Per quanto riguarda il dibattito in corso, faccio prima una premessa: un confronto sui costi effettivi delle modalità di distribuzione di questi farmaci deve essere effettuato a parità di prestazioni erogate e soprattutto standard di servizio, altrimenti è come confrontare entità diverse, mele con pere. Se nel modello di calcolo dei costi considero solo quelli relativi alla produzione del servizio - per esempio materiale, tempo del personale, e così via - senza considerare il livello di accessibilità e qualità del servizio offerto al cittadino, non ottengo una fotografia completa. E per altro, è evidente che un servizio che garantisce minori ore di apertura al pubblico giornaliere viene, probabilmente, a costare meno sotto questi aspetti.

E per assurdo, ulteriori risparmi potrebbero essere ottenuti riducendo il servizio?
Purtroppo avviene ed è avvenuto così: soprattutto nelle realtà con piano di rientro o laddove c'è carenza di personale è stata portata avanti, in alcuni casi, una riduzione oraria delle farmacie ospedaliere o distrettuali, con disponibilità solo al mattino o solo al pomeriggio e neanche per tutti i giorni della settimana. Credo che al Servizio sanitario sarebbe, sì, utile avviare una indagine per mettere in luce i costi delle modalità di distribuzione di questi farmaci, analizzare i diversi modelli regionali e rilevare le performance delle prestazioni per entrambi i canali. Una indagine però che sia indipendente e sgombri il campo da tutte le ricerche di parte che esistono sul tema. Ma in ogni caso, lo ripeto, in una stima della spesa, non si può prescindere da quanto ricade, in termini di costi vivi o di costi evitati, su paziente e familiari. Questi costi devono far parte del calcolo.

Cioè?
Il punto è che se si vuole individuare o elaborare un modello di riferimento di distribuzione, non si può non tenere conto della qualità di vita per il paziente e per i famigliari, dei risvolti lavorativi, sociali ed economici. Il modello deve, sì, tenere conto delle risorse pubbliche che vanno utilizzate al meglio, ma la sostenibilità del paziente e dei famigliari deve essere centrale. Perché le risposte assistenziali messe in campo devono permettere al cittadino di continuare a realizzarsi, di contribuire alla società anche attraverso il lavoro, di essere integrato e incluso nella vita sociale. Altrimenti, il servizio sanitario nazionale manca una delle sue mission principali. Non dimentichiamoci che il nostro è un sistema pubblico e universalistico: per il Ssn guardare alle esigenze appropriate dei cittadini non è un fatto opzionale, ma è un elemento fondante. Altrimenti diventa un'altra cosa, non certo un servizio pubblico.

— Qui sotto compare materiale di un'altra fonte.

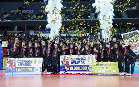 喜ぶV北海道の選手ら
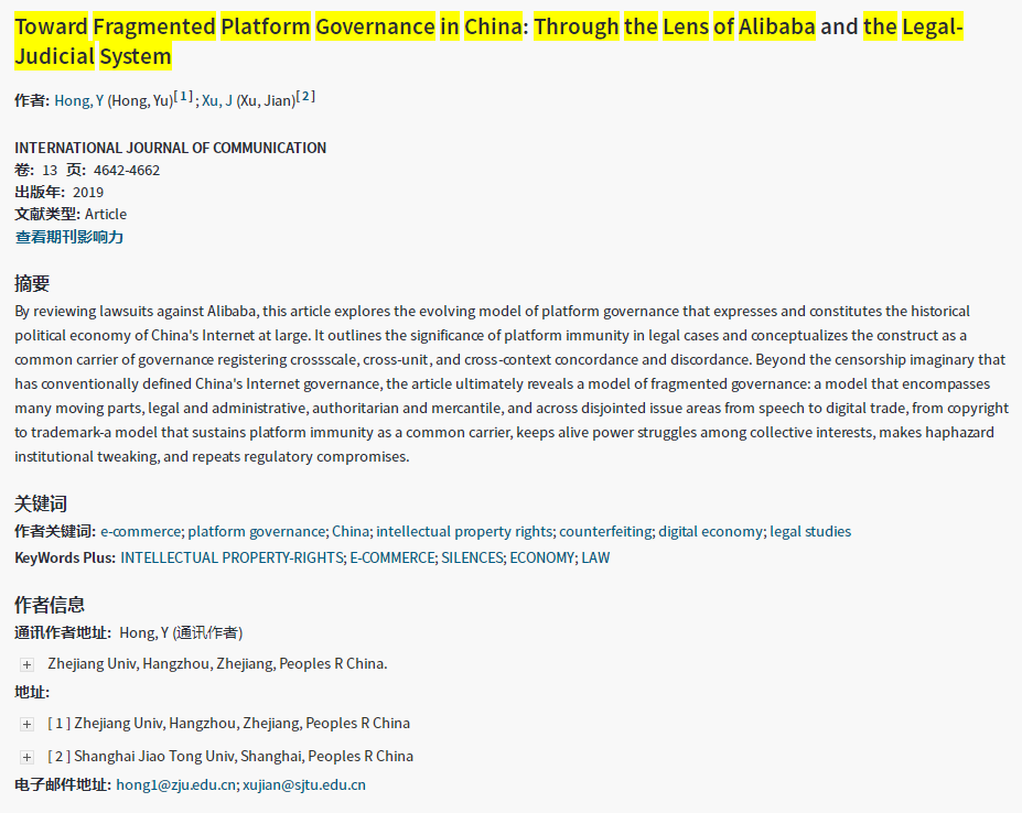 2019-12-15 《INTERNATIONAL JOURNAL OF COMMUNICATION》 洪宇,Xu jian

Ma da alcuni è stato sostenuto che la qualità del servizio erogato è una scelta politica. Non c'è il rischio che possa diventare un alibi?
La sostenibilità e la tenuta dei conti è sacrosanta, ma non ci si può appiattire solo su questo aspetto, seppur importante, e poi dipende come la si intende garantire. Il "come lo fai" fa la differenza. Esistono diritti sanciti dalle leggi che vanno garantiti e bisogni appropriati che è giusto soddisfare. Il salto da fare è quello di "piegare le politiche di bilancio delle amministrazioni "al fine di garantire la salvaguardia dei diritti e la soddisfazione dei bisogni "appropriati" dei cittadini. Garantire un alto livello di accessibilità e qualità del servizio non è opzionale ma è imprescindibile. Direi che è il faro che deve guidare il lavoro quotidiano delle istituzioni sanitarie.